EX-5.1 8 dex51.htm OPINION OF THE YOCCA LAW FIRM LLP Opinion of The Yocca Law Firm LLP

EXHIBIT 5.1

[LETTERHEAD OF THE YOCCA LAW FIRM LLP]

July 7, 2006

Microsemi Corporation

2381 Morse Avenue

Irvine, CA 92614

Attention: David R. Sonksen

 

  Re: Post-Effective Amendment No. 2 to Form S-4 on Form S-8 Registration Statement: Registration No. 333-130655; Microsemi Corporation Common Stock, par value $.20 per share

Ladies and Gentlemen:

At your request, we have examined the Post-Effective Amendment No. 2 to Form S-4 on Form S-8 Registration Statement, Registration No. 333-130655 (as amended, the ”Registration Statement”) being filed by Microsemi Corporation, a Delaware corporation (the “Company”) with the Securities and Exchange Commission under the Securities Act of 1933, as amended, to register 568,363 shares, subject to anti-dilution adjustments, of the Company’s Common Stock, par value of $.20 per share (the ”Common Stock”). Said shares of Common Stock may be issued pursuant to the exercise of options assumed by the Company and originally granted under the 1995 Stock Option Plan of Advanced Power Technology, Inc. and the 2005 Equity Incentive Plan of Advanced Power Technology, Inc. (together, the “Plans”). Unless specifically defined herein or the context requires otherwise, capitalized terms used herein shall have the meanings ascribed to them in the Registration Statement.

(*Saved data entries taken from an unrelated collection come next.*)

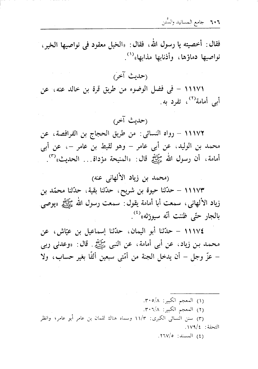 11173 - حدثنا حيوة بن شريح، حدثنا بقية، حدثنا محمد بن زياد الألهانى، سمعت أبا أمامة يقول: سمعت رسول الله - صلى الله عليه وسلم - «يوصى بالجار حتى ظننت أنه سيورثه» (¬3) .
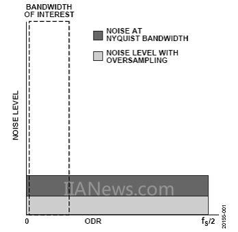 在模数转换期间,模拟信号由ADC数字化。与非过采样解决方案相比,过采样通过对模拟信号进行采样,并以远高于所需速率的方式对该信号进行数字转换来提高数字化信号的有效分辨率。过采样允许用户在更宽的带宽内对转换器噪声进行平均,从而消除噪声。对于不相关、宽带(白)和零(0)均值的噪声,当平均和/或滤波到特定带宽时,每2倍过采样,噪声就会降低√2倍或3 dB。其他频谱内容(例如相关噪声或谐波)不会因平均而降低。图1显示了一个ADC的噪声水平(深灰色),噪声来源有多个,包括量化噪声、热噪声和外部噪声(例如驱动器、时钟和基准电压源),分布在奈奎斯特带宽上。
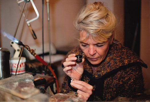 Imkje Felsbourg dispose d'un atelier et d'une boutique de bijoux modernes depuis 1985. Elle vend ses propres dessins en or et argent.
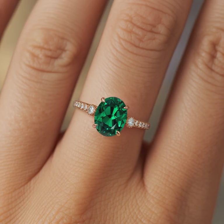 This ring isn't just jewelry; it's a moment she'll cherish forever. The centerpiece is a breathtaking 2CT Oval Cut Green moissanite, radiating nature's luxurious charm. Its verdant hue brings an exotic elegance, perfectly complementing her unique spirit and making a statement as unforgettable as your love.
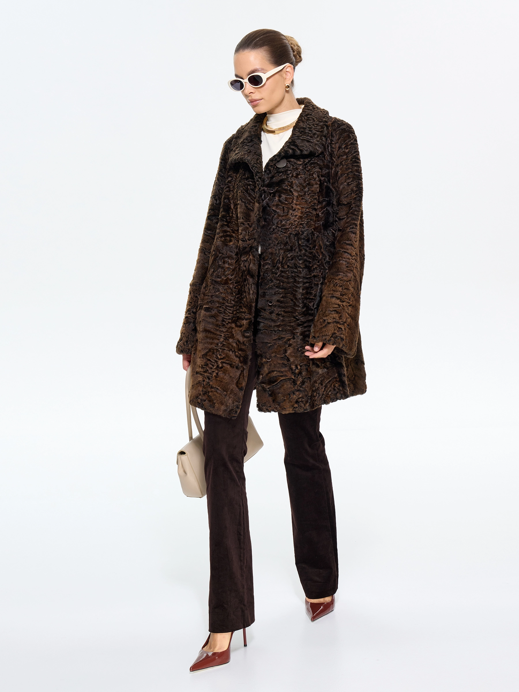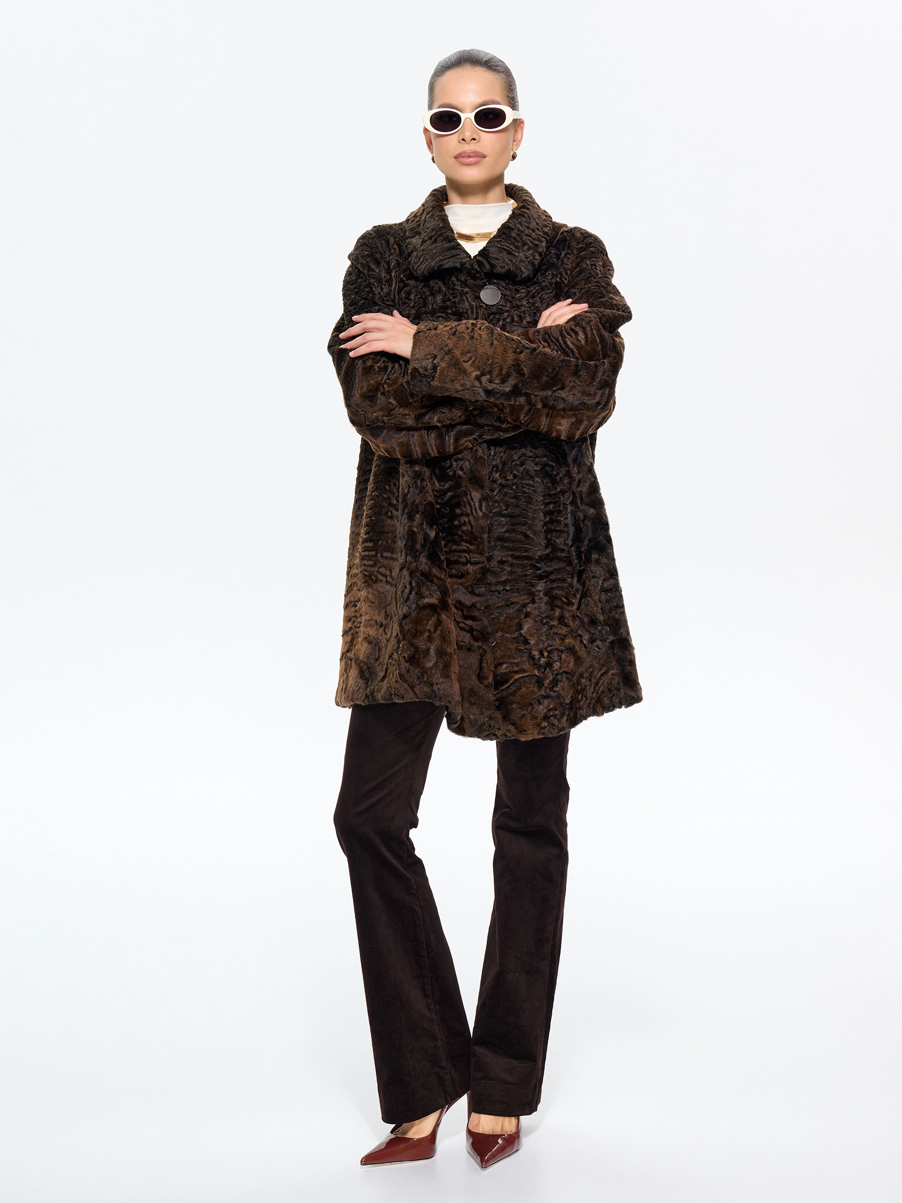 Товар короткая женская шуба из меха каракульчи лиза, коричневая, размер 60, артикул 65570 выполнен из мех каракульчи с застежкой клипсы. Рассчитан на сезон: весна-осень. Длина изделия 80 см, силуэт расклешенный.

In our capacity as your counsel in connection with this transaction, we have examined the proceedings taken and are familiar with the proceedings proposed to be taken by you in connection with the authorization, issuance and sale of the Common Stock.

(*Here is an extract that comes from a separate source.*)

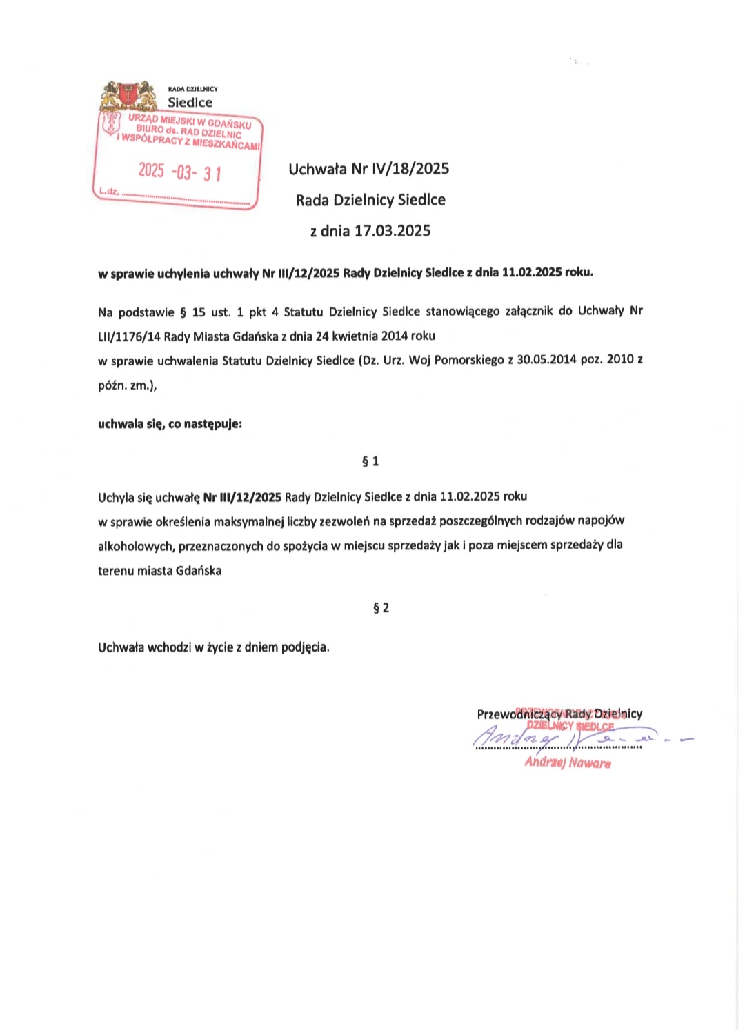 Uchwała Nr IV/18/2025 w sprawie uchylenia uchwały III/12/2025 Rady Dzielnicy Siedlce z dnia 11.02.2025 roku

In such examination, we have assumed the authenticity of all documents submitted to us as originals, the conformity with originals of all documents submitted to us as copies and the genuineness of all signatures. We have also assumed the legal capacity of all natural persons and that, with respect to all parties to agreements or instruments relevant hereto other than the Company, such parties had the requisite power and authority to execute, deliver and perform such agreements or instruments, that such agreements or instruments have been duly authorized by all requisite action and have been executed and delivered by such parties and that such agreements or instruments are the valid, binding and enforceable obligations of such parties.

Based upon the foregoing and assuming the compliance with applicable state securities laws and the additional proceedings to be taken by the Company as referred to above, we are of the opinion that the Common Stock has been duly authorized, and when issued upon payment therefor in the manner provided in the Plans, the Common Stock will be validly issued, fully paid and nonassessable.

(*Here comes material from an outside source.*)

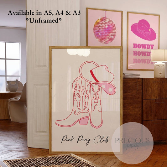 Cowgirl Preppy Poster / Trendy Wall Art / Pink Girly Art print / A5 A4 A3
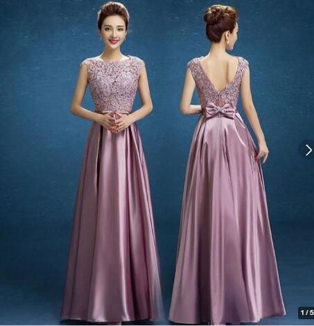 レース切替バックリボンサテンロングドレスです。気品に満ちたとてもエレガントで上品なひとクラス上をいく一品です。トップス部分は花刺繍が施されたレースがサテン地に重ねられ豪華かつ上品でエレガントなドレスです。背中ファスナ-有。胸カップ付き。裏地有。バックリボン取り外し可。

Our opinions herein are limited to the effect on the subject transaction of United States Federal law and the General Corporation Law of the State of Delaware, including relevant provisions of the Delaware Constitution and Delaware judicial decisions. We assume no responsibility regarding the applicability thereto, or the effect thereon, of the laws of any other jurisdiction.

We consent to your filing this opinion as an exhibit to the Registration Statement.